→ TASK DETAILS
Print the listing exactly as it stands, and skip any pictures in it.

··· MATERIAL PROVIDED

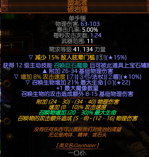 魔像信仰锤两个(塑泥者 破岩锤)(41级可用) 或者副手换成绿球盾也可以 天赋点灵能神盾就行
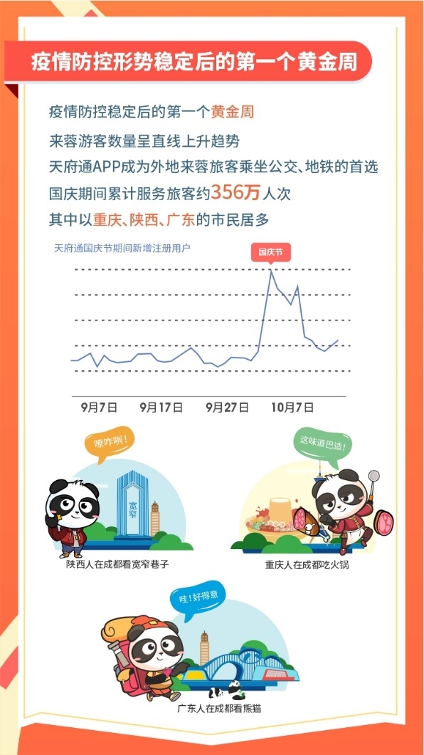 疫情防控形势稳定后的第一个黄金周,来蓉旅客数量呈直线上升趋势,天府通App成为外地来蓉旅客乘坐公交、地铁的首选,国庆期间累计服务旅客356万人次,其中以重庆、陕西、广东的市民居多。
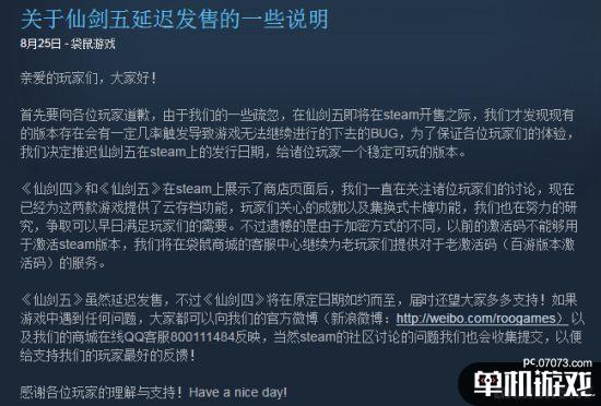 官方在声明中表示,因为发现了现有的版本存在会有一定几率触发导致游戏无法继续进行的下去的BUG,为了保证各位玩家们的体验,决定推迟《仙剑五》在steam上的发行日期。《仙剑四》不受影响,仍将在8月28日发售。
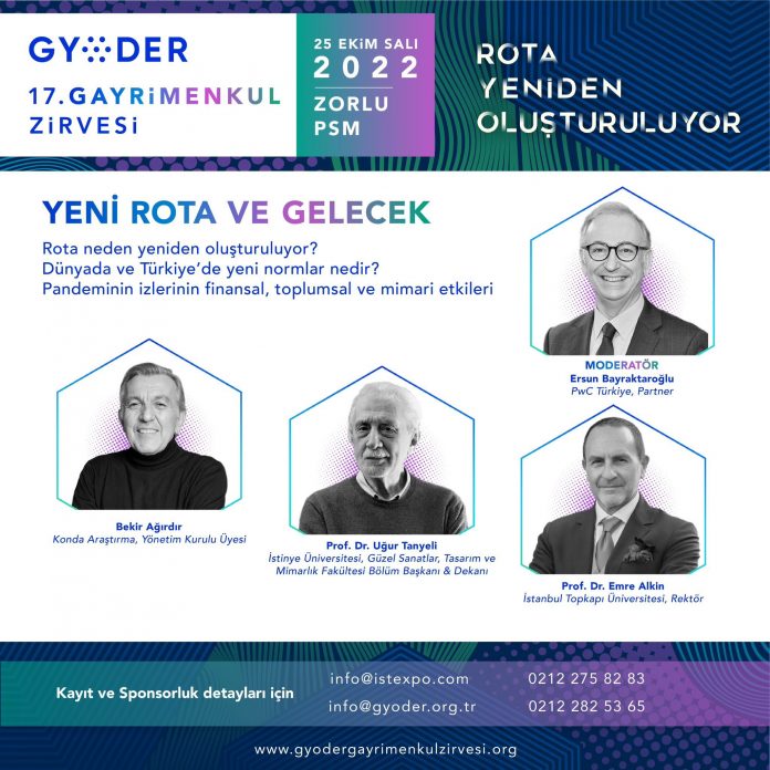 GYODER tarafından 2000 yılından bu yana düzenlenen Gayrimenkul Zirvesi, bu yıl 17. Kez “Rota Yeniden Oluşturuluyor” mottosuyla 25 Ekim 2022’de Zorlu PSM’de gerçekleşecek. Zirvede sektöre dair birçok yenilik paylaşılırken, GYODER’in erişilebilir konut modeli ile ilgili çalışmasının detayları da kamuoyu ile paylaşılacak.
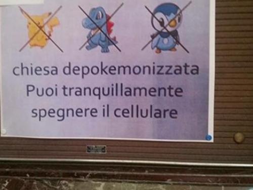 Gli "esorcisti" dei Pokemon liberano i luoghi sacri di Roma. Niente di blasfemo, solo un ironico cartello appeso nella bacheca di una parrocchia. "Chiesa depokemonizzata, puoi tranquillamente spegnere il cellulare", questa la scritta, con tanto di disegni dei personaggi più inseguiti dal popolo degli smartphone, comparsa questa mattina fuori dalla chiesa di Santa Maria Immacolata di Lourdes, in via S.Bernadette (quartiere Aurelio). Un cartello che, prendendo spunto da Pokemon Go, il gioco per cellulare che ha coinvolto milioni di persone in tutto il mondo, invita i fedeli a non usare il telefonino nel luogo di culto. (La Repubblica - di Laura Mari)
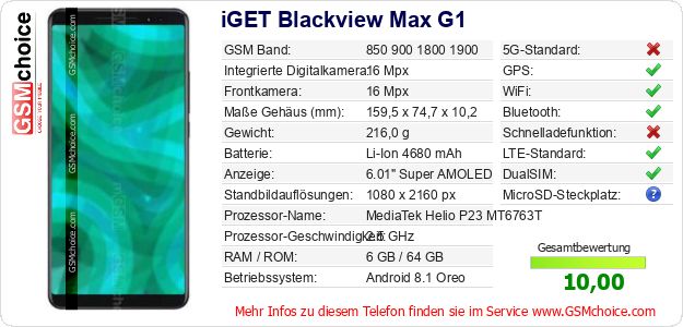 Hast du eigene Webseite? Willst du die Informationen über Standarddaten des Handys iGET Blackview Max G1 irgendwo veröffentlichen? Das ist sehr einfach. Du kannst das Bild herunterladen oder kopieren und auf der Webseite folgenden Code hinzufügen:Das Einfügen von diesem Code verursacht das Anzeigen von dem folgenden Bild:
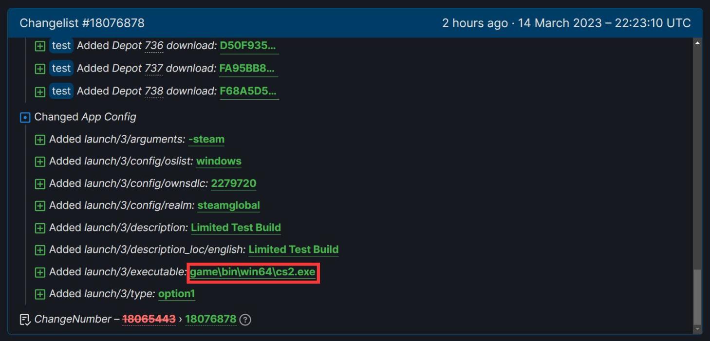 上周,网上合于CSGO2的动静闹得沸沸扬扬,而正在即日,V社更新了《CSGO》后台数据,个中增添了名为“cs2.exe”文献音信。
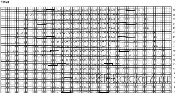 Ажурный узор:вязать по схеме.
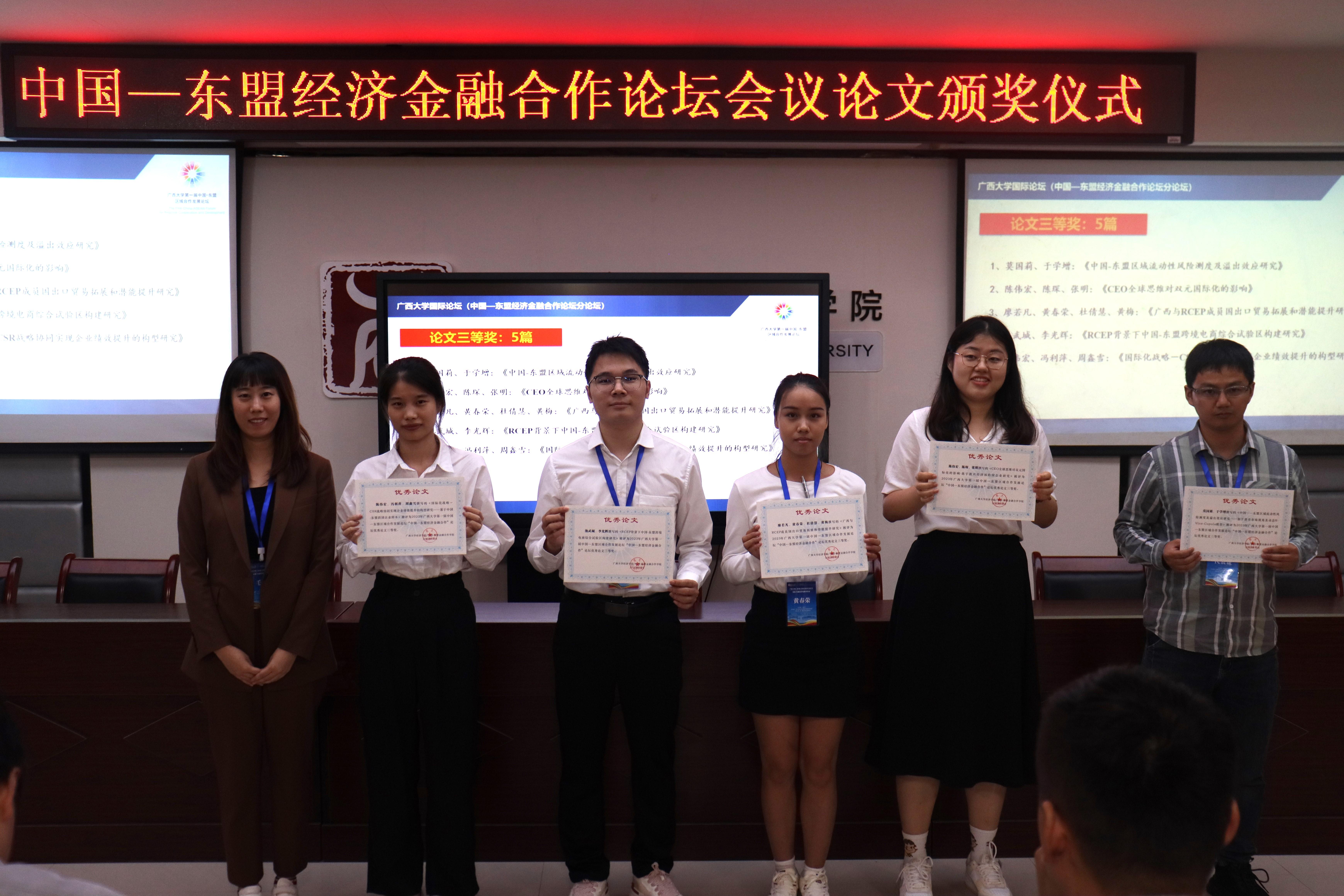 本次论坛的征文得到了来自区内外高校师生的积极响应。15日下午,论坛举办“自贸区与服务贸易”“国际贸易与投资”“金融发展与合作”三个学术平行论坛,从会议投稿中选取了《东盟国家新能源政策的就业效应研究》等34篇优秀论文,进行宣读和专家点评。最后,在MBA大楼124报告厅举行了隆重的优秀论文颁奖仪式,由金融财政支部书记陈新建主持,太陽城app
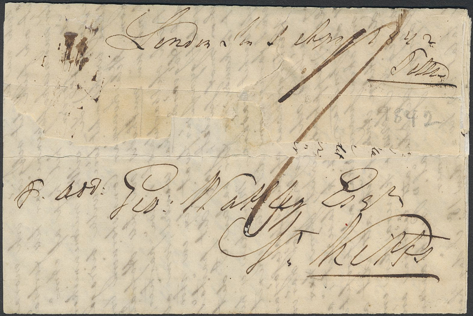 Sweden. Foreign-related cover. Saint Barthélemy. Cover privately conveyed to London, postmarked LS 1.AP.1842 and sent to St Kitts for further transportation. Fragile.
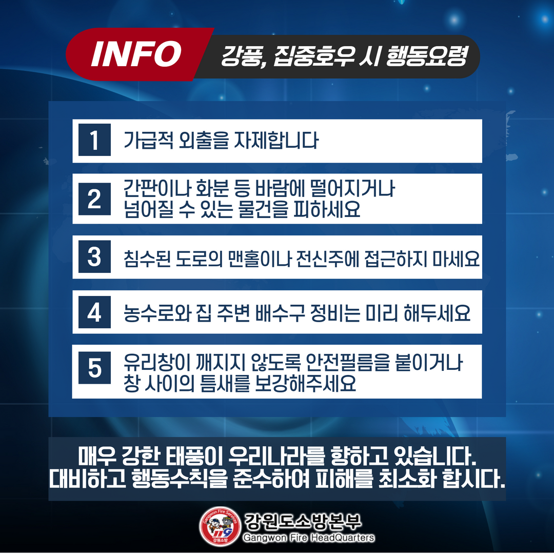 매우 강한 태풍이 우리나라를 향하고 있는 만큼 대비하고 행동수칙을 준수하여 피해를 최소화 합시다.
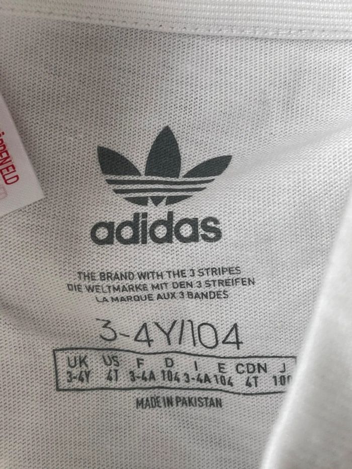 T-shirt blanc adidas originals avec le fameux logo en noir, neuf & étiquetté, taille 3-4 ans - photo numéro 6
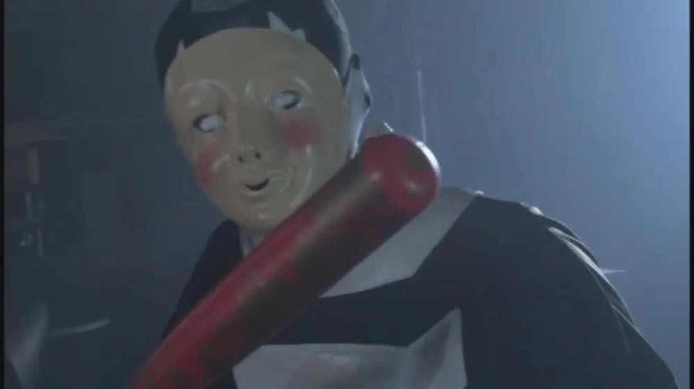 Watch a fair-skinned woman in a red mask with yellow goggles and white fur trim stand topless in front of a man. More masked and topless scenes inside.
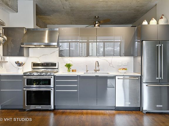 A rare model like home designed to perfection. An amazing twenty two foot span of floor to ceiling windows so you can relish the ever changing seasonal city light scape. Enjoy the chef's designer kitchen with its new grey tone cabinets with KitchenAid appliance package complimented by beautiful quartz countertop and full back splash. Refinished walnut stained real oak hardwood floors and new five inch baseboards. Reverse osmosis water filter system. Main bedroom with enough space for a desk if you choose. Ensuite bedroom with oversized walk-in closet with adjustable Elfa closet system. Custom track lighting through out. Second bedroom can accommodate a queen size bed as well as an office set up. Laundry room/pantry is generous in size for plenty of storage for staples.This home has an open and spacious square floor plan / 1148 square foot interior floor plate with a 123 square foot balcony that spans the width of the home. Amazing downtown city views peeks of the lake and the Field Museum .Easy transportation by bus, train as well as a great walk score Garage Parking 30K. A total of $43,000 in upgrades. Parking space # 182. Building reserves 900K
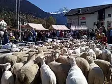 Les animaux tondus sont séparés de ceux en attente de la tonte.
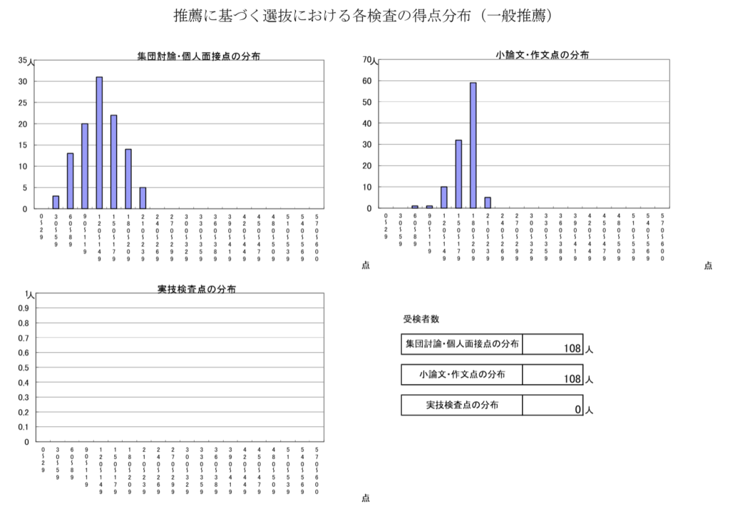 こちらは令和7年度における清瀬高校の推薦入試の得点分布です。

······

→ ANSWER AREA
 魔像信仰锤两个(塑泥者 破岩锤)(41级可用) 或者副手换成绿球盾也可以 天赋点灵能神盾就行
 疫情防控形势稳定后的第一个黄金周,来蓉旅客数量呈直线上升趋势,天府通App成为外地来蓉旅客乘坐公交、地铁的首选,国庆期间累计服务旅客356万人次,其中以重庆、陕西、广东的市民居多。
 官方在声明中表示,因为发现了现有的版本存在会有一定几率触发导致游戏无法继续进行的下去的BUG,为了保证各位玩家们的体验,决定推迟《仙剑五》在steam上的发行日期。《仙剑四》不受影响,仍将在8月28日发售。
 GYODER tarafından 2000 yılından bu yana düzenlenen Gayrimenkul Zirvesi, bu yıl 17. Kez “Rota Yeniden Oluşturuluyor” mottosuyla 25 Ekim 2022’de Zorlu PSM’de gerçekleşecek. Zirvede sektöre dair birçok yenilik paylaşılırken, GYODER’in erişilebilir konut modeli ile ilgili çalışmasının detayları da kamuoyu ile paylaşılacak.
 Gli "esorcisti" dei Pokemon liberano i luoghi sacri di Roma. Niente di blasfemo, solo un ironico cartello appeso nella bacheca di una parrocchia. "Chiesa depokemonizzata, puoi tranquillamente spegnere il cellulare", questa la scritta, con tanto di disegni dei personaggi più inseguiti dal popolo degli smartphone, comparsa questa mattina fuori dalla chiesa di Santa Maria Immacolata di Lourdes, in via S.Bernadette (quartiere Aurelio). Un cartello che, prendendo spunto da Pokemon Go, il gioco per cellulare che ha coinvolto milioni di persone in tutto il mondo, invita i fedeli a non usare il telefonino nel luogo di culto. (La Repubblica - di Laura Mari)
 Hast du eigene Webseite? Willst du die Informationen über Standarddaten des Handys iGET Blackview Max G1 irgendwo veröffentlichen? Das ist sehr einfach. Du kannst das Bild herunterladen oder kopieren und auf der Webseite folgenden Code hinzufügen:Das Einfügen von diesem Code verursacht das Anzeigen von dem folgenden Bild:
 上周,网上合于CSGO2的动静闹得沸沸扬扬,而正在即日,V社更新了《CSGO》后台数据,个中增添了名为“cs2.exe”文献音信。
 Ажурный узор:вязать по схеме.
 本次论坛的征文得到了来自区内外高校师生的积极响应。15日下午,论坛举办“自贸区与服务贸易”“国际贸易与投资”“金融发展与合作”三个学术平行论坛,从会议投稿中选取了《东盟国家新能源政策的就业效应研究》等34篇优秀论文,进行宣读和专家点评。最后,在MBA大楼124报告厅举行了隆重的优秀论文颁奖仪式,由金融财政支部书记陈新建主持,太陽城app
 Sweden. Foreign-related cover. Saint Barthélemy. Cover privately conveyed to London, postmarked LS 1.AP.1842 and sent to St Kitts for further transportation. Fragile.
 매우 강한 태풍이 우리나라를 향하고 있는 만큼 대비하고 행동수칙을 준수하여 피해를 최소화 합시다.
 T-shirt blanc adidas originals avec le fameux logo en noir, neuf & étiquetté, taille 3-4 ans - photo numéro 6
 Watch a fair-skinned woman in a red mask with yellow goggles and white fur trim stand topless in front of a man. More masked and topless scenes inside.
 A rare model like home designed to perfection. An amazing twenty two foot span of floor to ceiling windows so you can relish the ever changing seasonal city light scape. Enjoy the chef's designer kitchen with its new grey tone cabinets with KitchenAid appliance package complimented by beautiful quartz countertop and full back splash. Refinished walnut stained real oak hardwood floors and new five inch baseboards. Reverse osmosis water filter system. Main bedroom with enough space for a desk if you choose. Ensuite bedroom with oversized walk-in closet with adjustable Elfa closet system. Custom track lighting through out. Second bedroom can accommodate a queen size bed as well as an office set up. Laundry room/pantry is generous in size for plenty of storage for staples.This home has an open and spacious square floor plan / 1148 square foot interior floor plate with a 123 square foot balcony that spans the width of the home. Amazing downtown city views peeks of the lake and the Field Museum .Easy transportation by bus, train as well as a great walk score Garage Parking 30K. A total of $43,000 in upgrades. Parking space # 182. Building reserves 900K
 Les animaux tondus sont séparés de ceux en attente de la tonte.
 こちらは令和7年度における清瀬高校の推薦入試の得点分布です。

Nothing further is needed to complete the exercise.